WORK ORDER => Please repeat the whole listing exactly, but leave the pictures out.

EXTRACTED ENTRIES =>

========

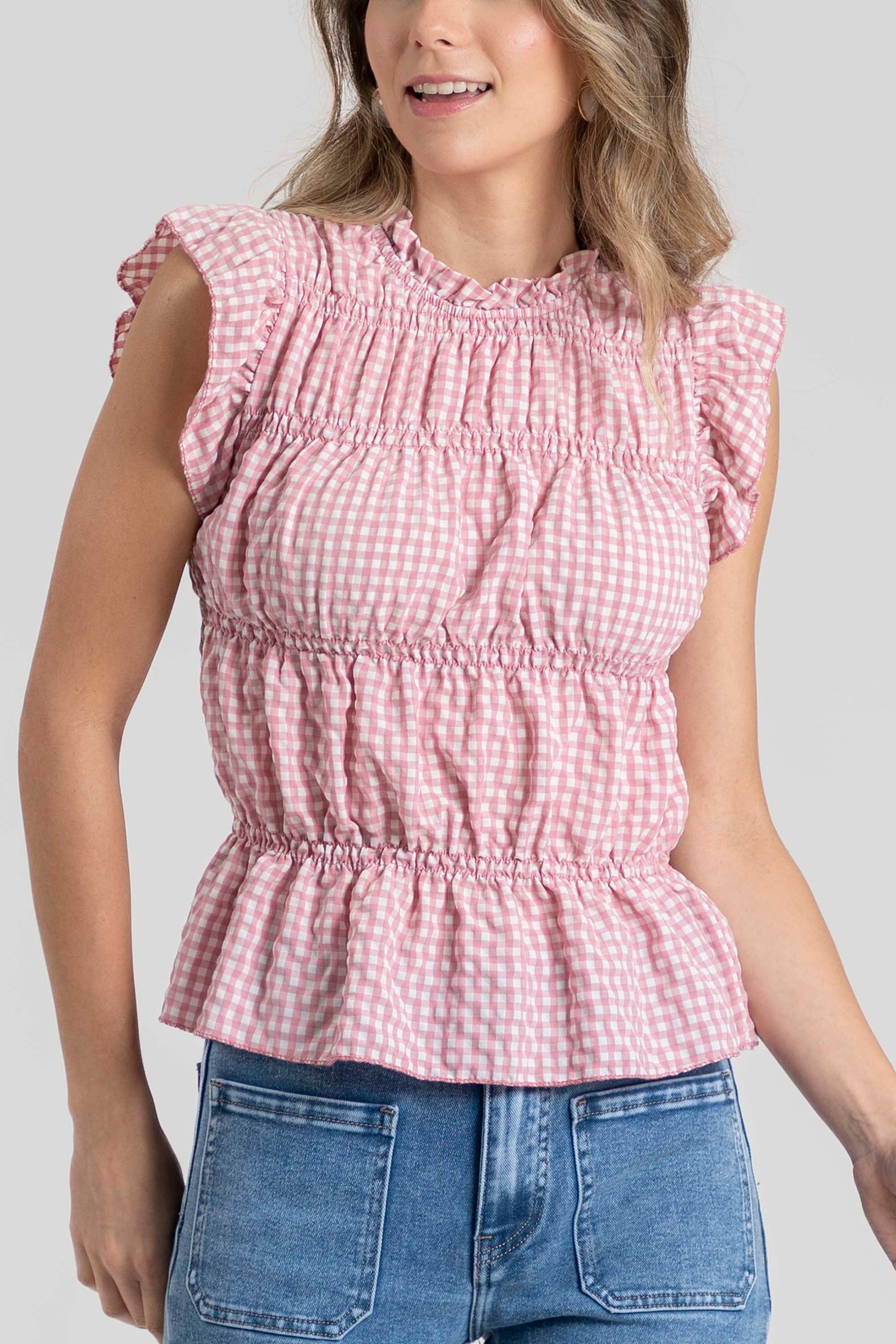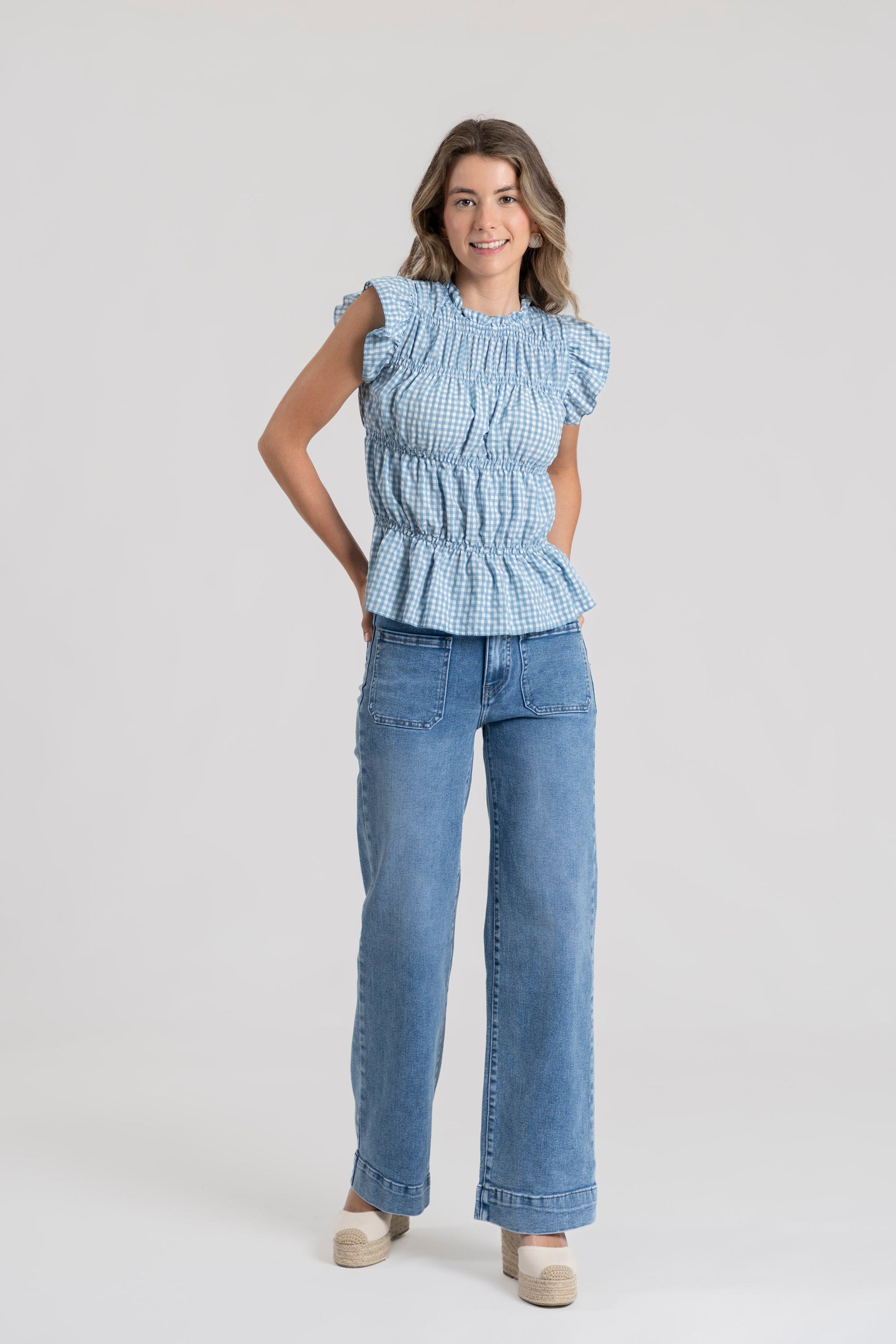 Tejido fluido. Diseño nido. Diseño estampado vichy. Cuello redondo. Manga sisa. Acabados volantes. Talla modelo: S.
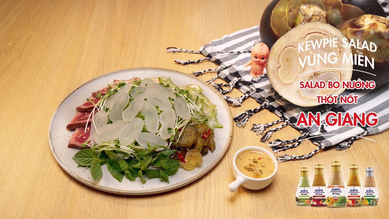 Thốt nốt mang vị ngọt nhẹ, béo bùi đặc trưng, nay được dùng trong salad thịt thăn bò nướng hòa quyện cùng xốt Mè Rang KEWPIE đậm đà, thơm mè để món ăn thêm tròn vị
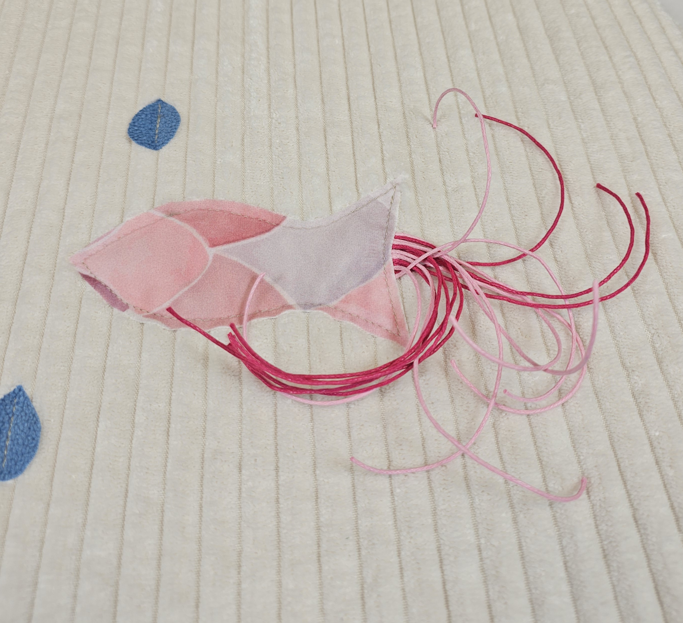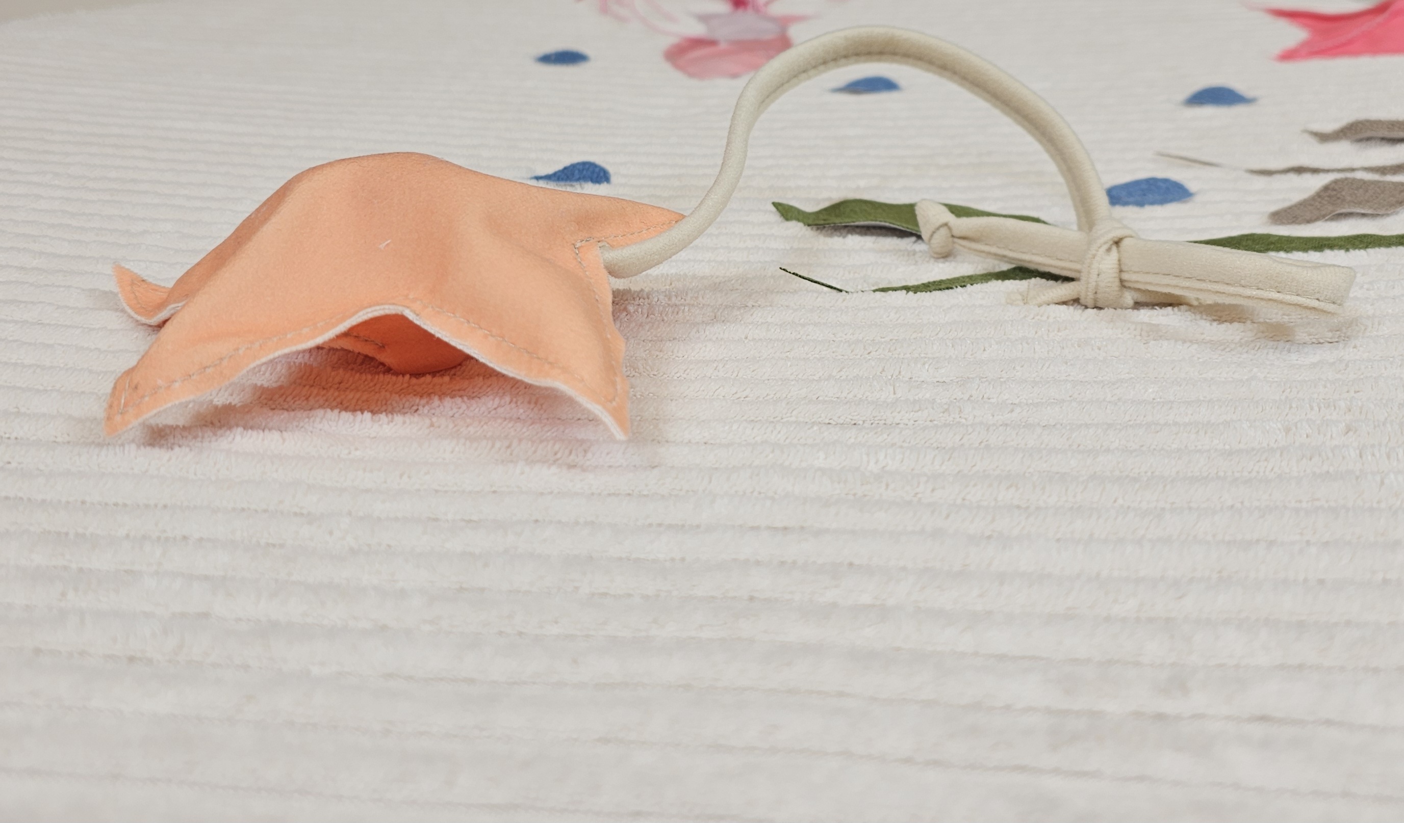 Na środku wszyta jest pętelka z zabawką w kształcie rozety.
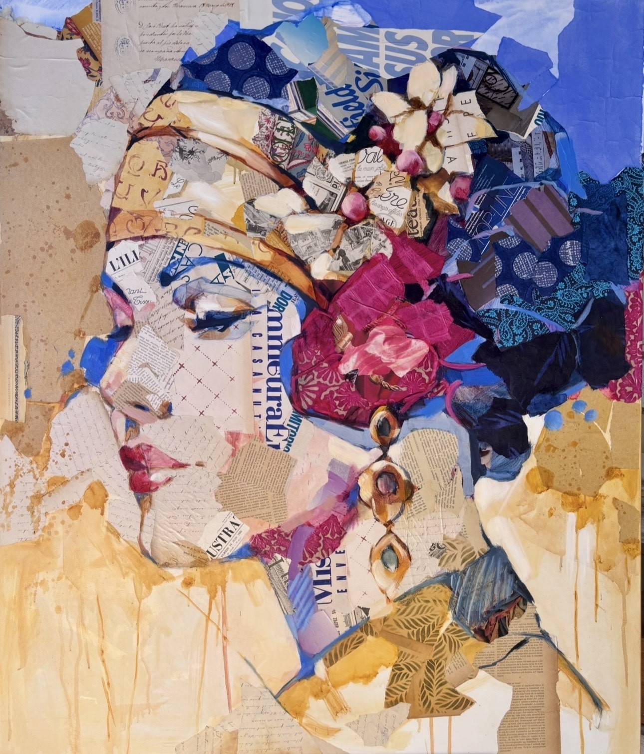 Œuvre originale de l'artiste Carme Magem, réalisée en technique mixte et collage. Le visage, très fragmenté par des coupures de journaux et de textes, porte un turban orné de fleurs aux couleurs intenses (fuchsia, rouge) et de motifs bleus et jaunes. L'ensemble dégage une impression d'élégance et de mystère, avec des coulures de peinture jaune en bas.
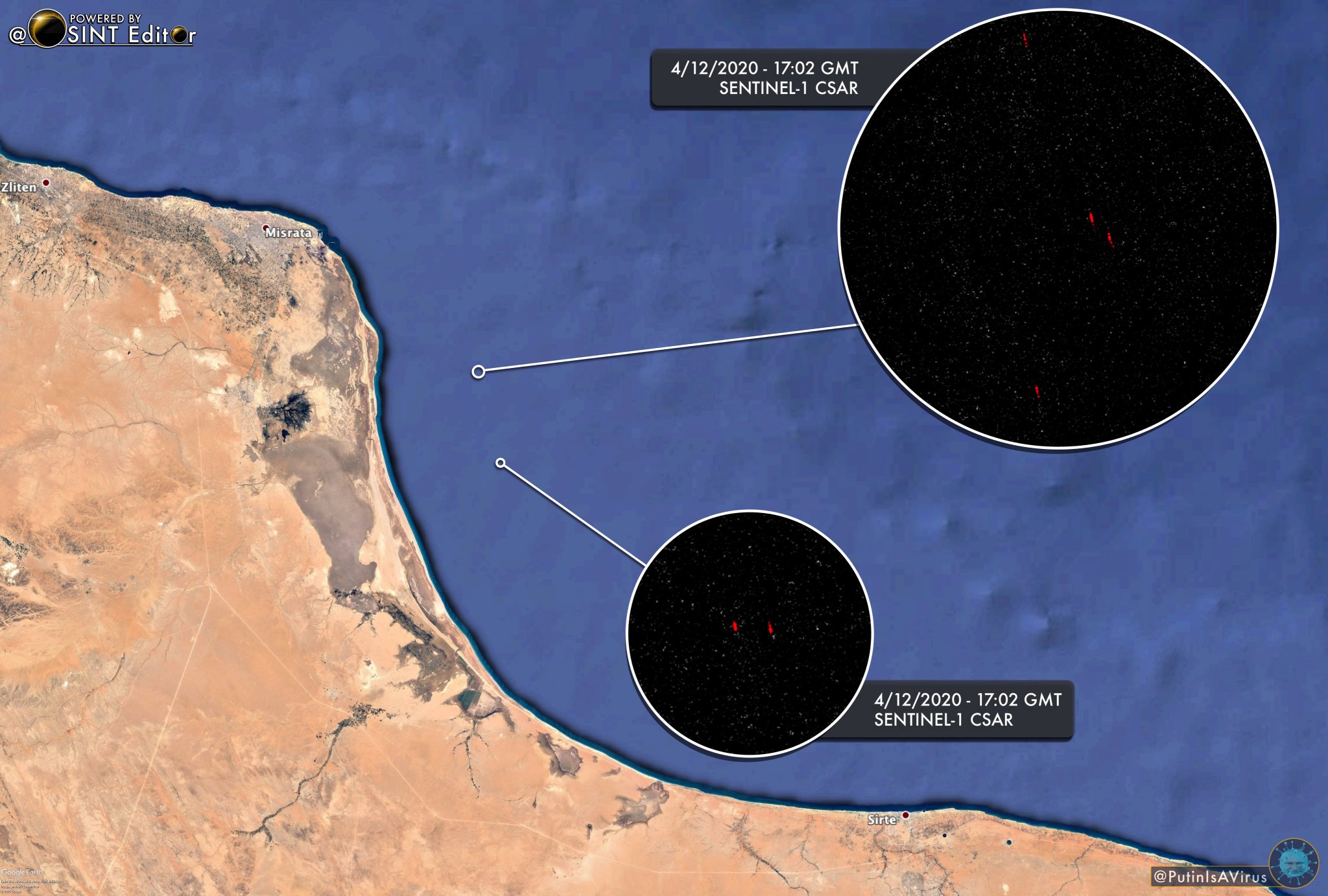 وبينت صورة رصدها قمر صناعي لشركة ” Osint “ وجود 6 فرقاطات وبوارج تركية في المنطقة المقابلة لأبوقرين غربي مدينة سرت وبدت وهي تبحر في تشكيلين منفصلين .

========

EXERCISE OUTPUT =>
 Tejido fluido. Diseño nido. Diseño estampado vichy. Cuello redondo. Manga sisa. Acabados volantes. Talla modelo: S.
 Thốt nốt mang vị ngọt nhẹ, béo bùi đặc trưng, nay được dùng trong salad thịt thăn bò nướng hòa quyện cùng xốt Mè Rang KEWPIE đậm đà, thơm mè để món ăn thêm tròn vị
 Na środku wszyta jest pętelka z zabawką w kształcie rozety.
 Œuvre originale de l'artiste Carme Magem, réalisée en technique mixte et collage. Le visage, très fragmenté par des coupures de journaux et de textes, porte un turban orné de fleurs aux couleurs intenses (fuchsia, rouge) et de motifs bleus et jaunes. L'ensemble dégage une impression d'élégance et de mystère, avec des coulures de peinture jaune en bas.
 وبينت صورة رصدها قمر صناعي لشركة ” Osint “ وجود 6 فرقاطات وبوارج تركية في المنطقة المقابلة لأبوقرين غربي مدينة سرت وبدت وهي تبحر في تشكيلين منفصلين .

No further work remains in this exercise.